Sep 08, 2017 - Sea Cloud

After a night of swell coming in from the central Adriatic, we woke to a change from the fine weather that we had experienced for the entire voyage thus far. There were a few light showers and quite a bit of wind. The captain and deck crew raised only the upper topsails and two jib sails under these conditions. Our Croatian cultural specialist, Marijana Radovan, gave her presentation, An Overview of Croatian History, and guests appreciated her perspective and personal account of having been a young person during the wars in Dubrovnik in the 90s. Afterwards, the captain called me to the bridge to show me that a thunderstorm was moving in from the west so that sails would have to come down quickly.  Sailors were up in the rigging as the rain began, but they made a quick job of getting the sails furled and secured.  Guests enjoyed the storm’s electrical display from the promenade deck, and the captain turned the ship to provide some lee for hotel manager Simon’s excellent lunch buffet organized on the starboard Promenade Deck.

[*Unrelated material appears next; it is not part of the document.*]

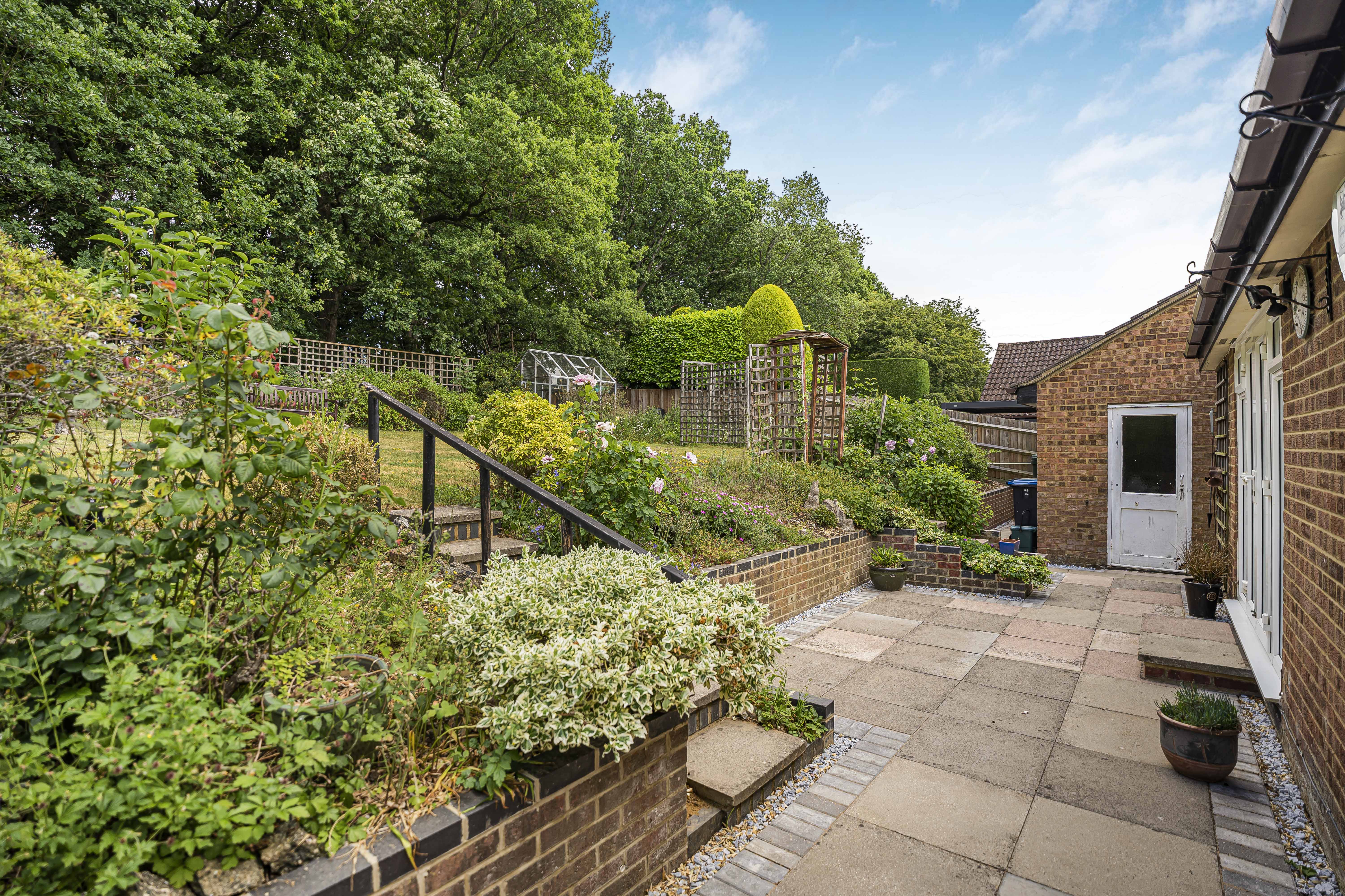 The garden has been well maintained and has both a patio area and a lawn with mature borders and flower beds. The garden backs onto woodlands and is convenient for local walks towards Ashridge. At the front of the property there is a single garage and driveway parking.

In the early afternoon, we arrived, in much improved weather, alongside the beautiful “Venetian” town of Korcula. Many townspeople and visitors were seen photographing and enjoying the elegant Sea Cloud as we sailed in.  Located on a small peninsula on the island of Korcula, this town retains enough of the original walls and buildings to strongly evoke the feel of the medieval town.  We proceeded on our walking tour with Marijana and our local guide Stanka and visited the Church of All Saints to learn of the town’s ancient brotherhoods, the cathedral crowning the town, and the bishop’s palace. We heard the story of the town’s most famous son, Marco Polo, and were left to ponder whether Korcula was truly his hometown. Guests had some time at leisure to wander the alleyways and visit the small shops before the group met at 6 p.m. for the evening event: the Moreska Sword Dance. We took a short walk to the town theater, and there we were treated to a dance from the 12th century, once performed throughout the Mediterranean but now only maintained as a tradition of Korcula. The story of two armies fighting over the love and release of the captive lady is told in a spectacle of frantic sword-clashing choreography. And yes, blood was drawn!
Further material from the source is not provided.